Same here, although I run a single ring. This thing never breaks. And now that I've gone tubeless, I don't get flats anymore either.


----------



## Coloradoxj13 (Sep 9, 2009)

slower_than_u said:


> Same here, although I run a single ring. This thing never breaks. And now that I've gone tubeless, I don't get flats anymore either.


Can you post a pic of how you dealt with mounting the rear rack around the disc brake caliper?


----------



## woodway (Dec 27, 2005)

Coloradoxj13 said:


> Can you post a pic of how you dealt with mounting the rear rack around the disc brake caliper?

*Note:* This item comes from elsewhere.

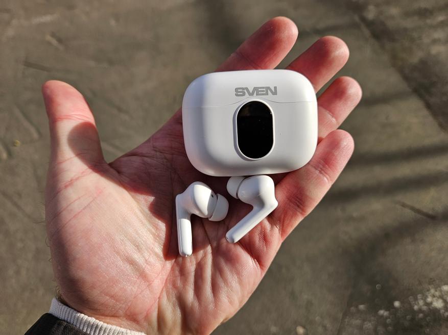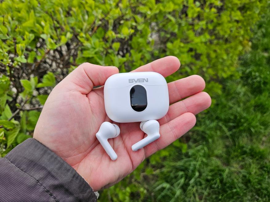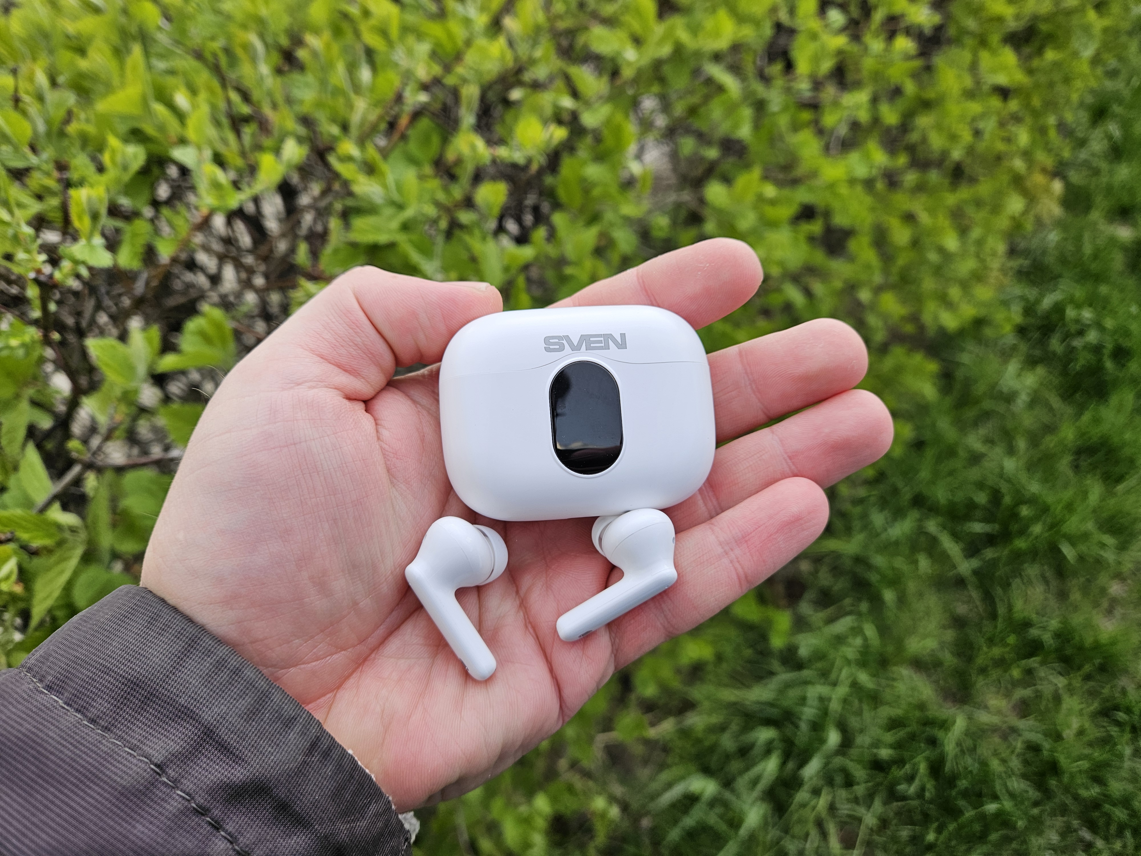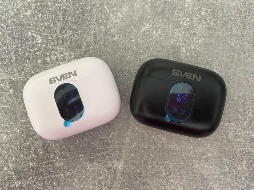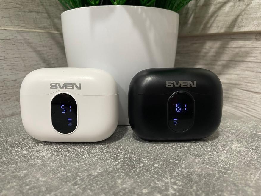 Упаковка TWS-наушников выполнена в современном минималистичном стиле с использованием плотного картона, обеспечивающего надежную защиту устройства. Дизайн коробки выдержан в фирменной сине белой цветовой гамме SVEN. На лицевой стороне коробки расположен логотип бренда, изображение самих наушников, а также ключевые характеристики: поддержка ENC, ANC, IPx4, 13 мм драйверы и общее время работы до 26 часов (включая зарядку от кейса).

Just buy a disc-compatible rack, like the disc version of theTopeak Explorer. It comes all set to mount around the disc caliper.


----------



## lawfarm (May 14, 2010)

Vaya....

No, wait.

Ti Vaya. There you go.


----------



## jako7 (May 25, 2010)

i have a rocky mountain metropolis good for a commuter bike. i just upgraded the disc brake and put knobby tires for winter commute.


----------



## harvestlaser (Oct 3, 2005)

I have a civia bryant belt. I re-laced some velocity dyad rims and it is great, the only other thing I will change is the crank (wide q-factor). As the frame goes it is great, good amount of fork flex to smooth things out, good finish and adaptability and a good price.


----------



## jasevr4 (Feb 23, 2005)

Traitor Ruben?


----------



## CYRON10k (Mar 12, 2008)

jasevr4 said:


> Traitor Ruben?


I absolutely love my Traitor.


----------



## jasevr4 (Feb 23, 2005)

Yeah I'm thinking about building one up with an Alfine hub. Only thing is that I'll need a Trickstuff BB and Shimano cranks..


----------



## canyoneagle (Sep 27, 2007)

Singular Gryphon.

SS, geared, IGH, flat bar, drop bar, fat tires, skinny tires, whatever you want.
The Surly Ogre would be my second choice, and the Salsa Fargo if you don;t intend to go SS/IGH.


----------



## jasevr4 (Feb 23, 2005)

Forgot about that one - the Singular Gryphon is a quality option. Also the Raleigh Roper/Furley too.


----------



## nameresu (Jun 19, 2009)

Hi. Is there any option exept Singular Peregrine, that is single speed capable, can fit fat tires ( 700x45c ) , disc brakes and have a nice fork with curved blade? Like Peregrine/Disc LHT/Jamis Aurora etc.. ???


----------



## Larryscustomcycles (Oct 27, 2010)

Singular Peregrine does all that.


----------



## nameresu (Jun 19, 2009)

Larryscustomcycles, yes, peregrine, always type "gryphon" instead "peregrine" for some reason.
But if not Singular, then what? The problem is... I live in Russia, I wrote a letter to Singular, still no response...If it possible, I'll buy Peregrine, but if I can't, then what ? %)


----------



## Larryscustomcycles (Oct 27, 2010)

Email Sam here: [email protected]

Or PM him on this forum...his name is Singular.


----------



## mitzikatzi (Sep 9, 2008)

nameresu said:


> Larryscustomcycles, yes, peregrine, always type "gryphon" instead "peregrine" for some reason.
> But if not Singular, then what? The problem is... I live in Russia, I wrote a letter to Singular, still no response...If it possible, I'll buy Peregrine, but if I can't, then what ? %)


Triton bikes


----------



## djork (Nov 8, 2004)

Rocky Mountain Ebay store seems to be selling RM commuter/hybrid frames on the cheap. Been considering a Whistler but to be honest I sort of prefer 26 tires because I really don't want to buy a new set of 700 wheels and tires. Would prefer to reuse my 26 wheelset and a number of 26 semi-slicks and slicks.


----------



## Singular (Sep 21, 2005)

nameresu said:


> Larryscustomcycles, yes, peregrine, always type "gryphon" instead "peregrine" for some reason.
> But if not Singular, then what? The problem is... I live in Russia, I wrote a letter to Singular, still no response...If it possible, I'll buy Peregrine, but if I can't, then what ? %)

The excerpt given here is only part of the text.